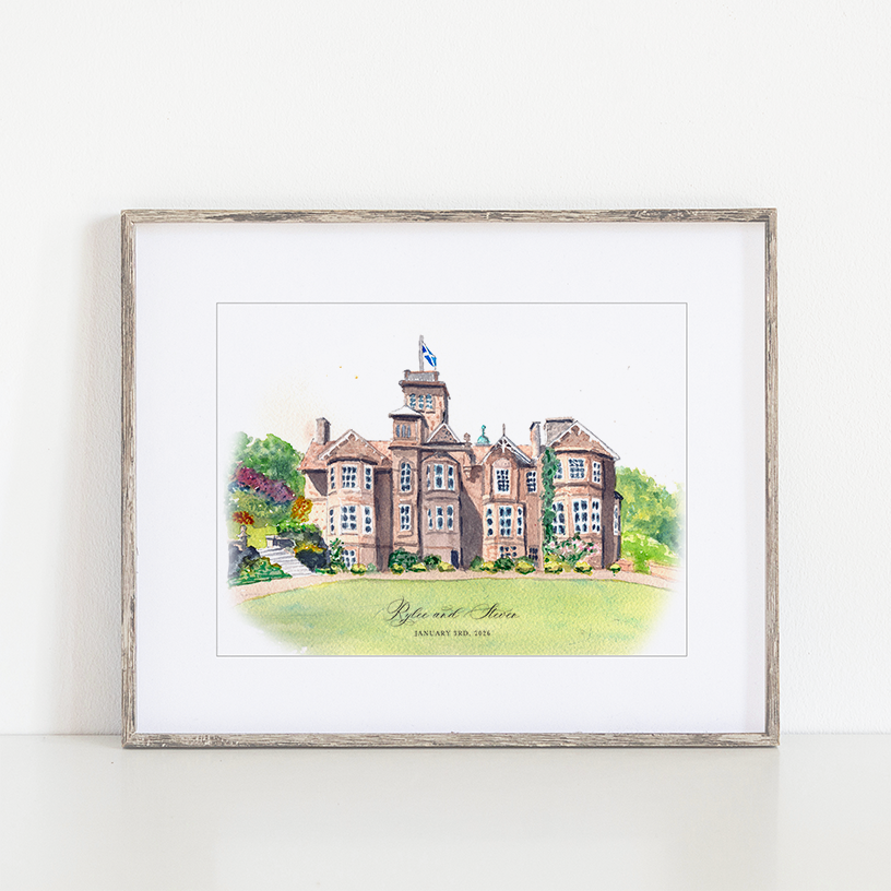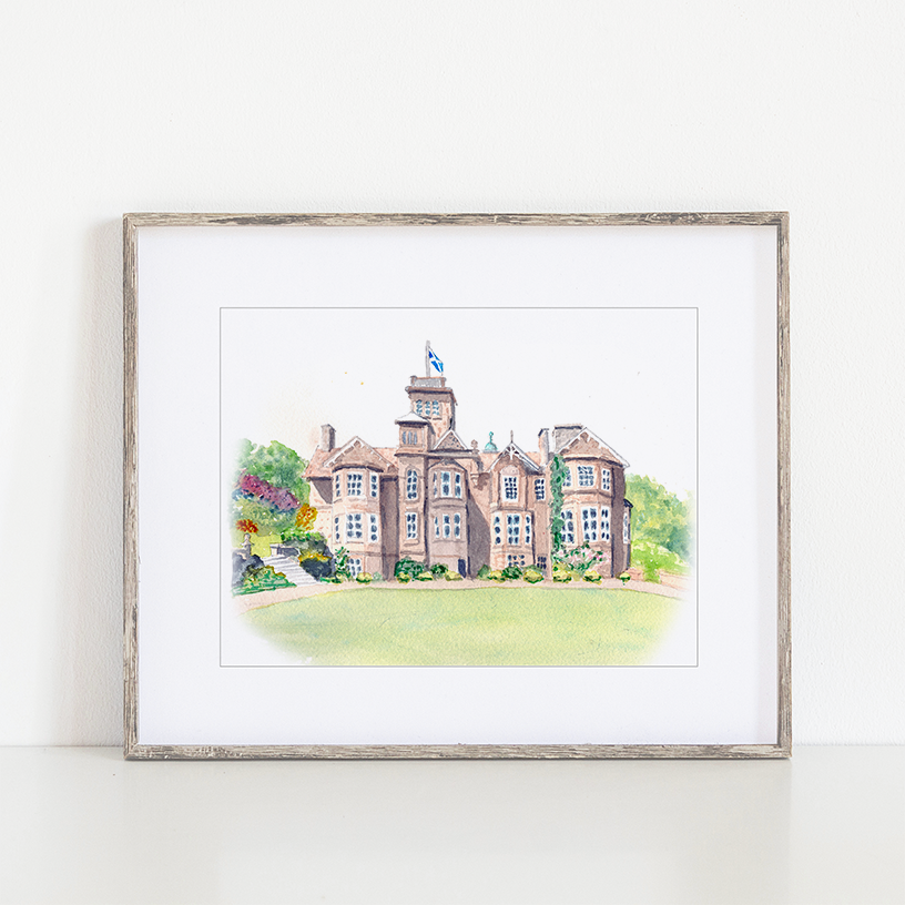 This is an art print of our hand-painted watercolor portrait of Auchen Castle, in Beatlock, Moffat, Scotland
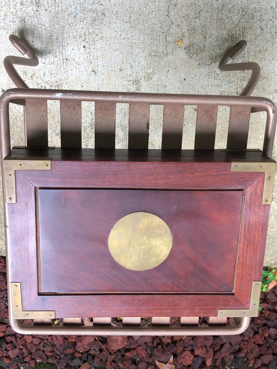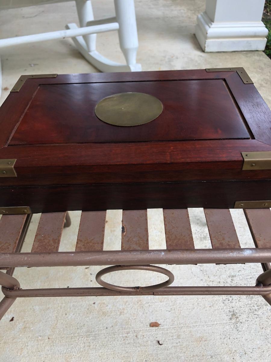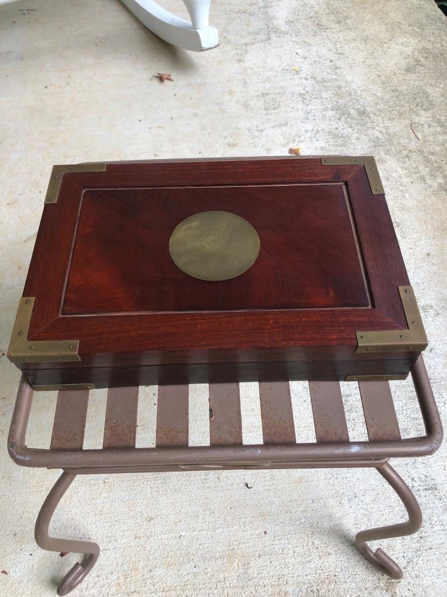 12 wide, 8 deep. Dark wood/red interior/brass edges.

^^^^^^^^

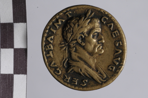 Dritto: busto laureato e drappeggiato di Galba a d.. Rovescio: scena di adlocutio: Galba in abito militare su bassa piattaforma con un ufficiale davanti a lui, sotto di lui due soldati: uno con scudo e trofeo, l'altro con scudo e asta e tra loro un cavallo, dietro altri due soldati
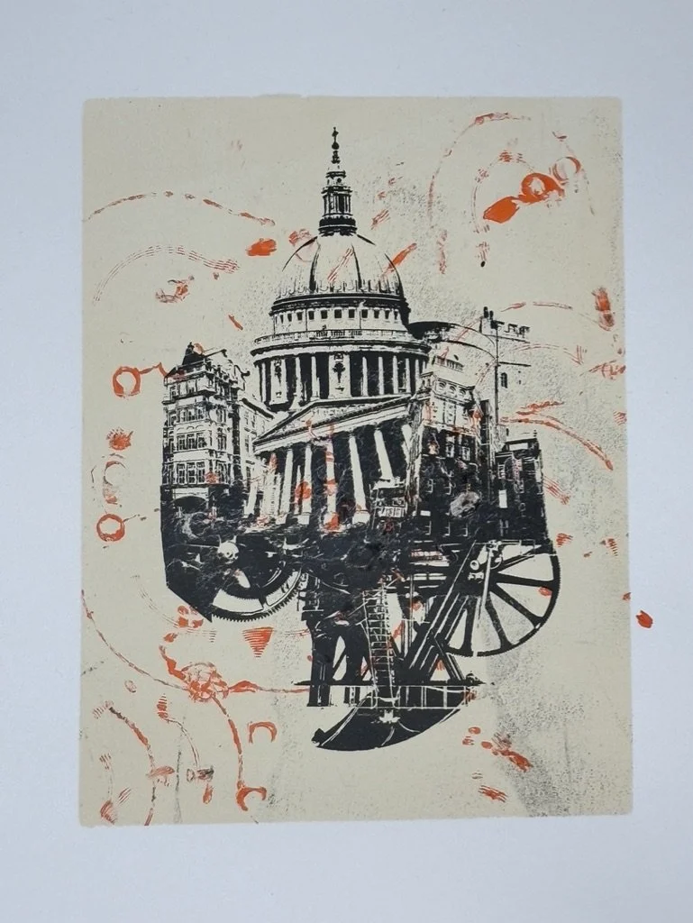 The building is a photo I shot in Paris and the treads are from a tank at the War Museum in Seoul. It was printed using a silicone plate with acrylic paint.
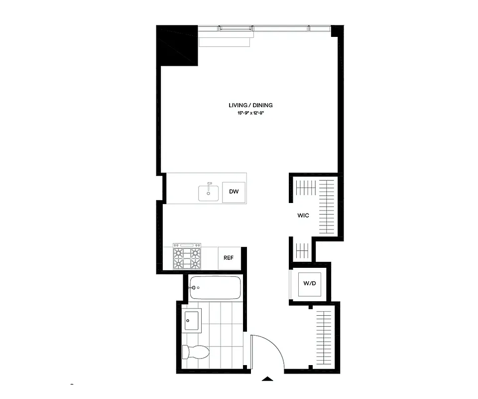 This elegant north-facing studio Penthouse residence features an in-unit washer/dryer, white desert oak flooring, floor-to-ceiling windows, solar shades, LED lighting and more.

^^^^^^^^

* What you are asked to do:
Look through the listing above for the line with "This is an art" and the line with "12 wide, 8 deep.". Write out exactly those lines and everything between, leaving out pictures.

* Response:
 This is an art print of our hand-painted watercolor portrait of Auchen Castle, in Beatlock, Moffat, Scotland
 12 wide, 8 deep. Dark wood/red interior/brass edges.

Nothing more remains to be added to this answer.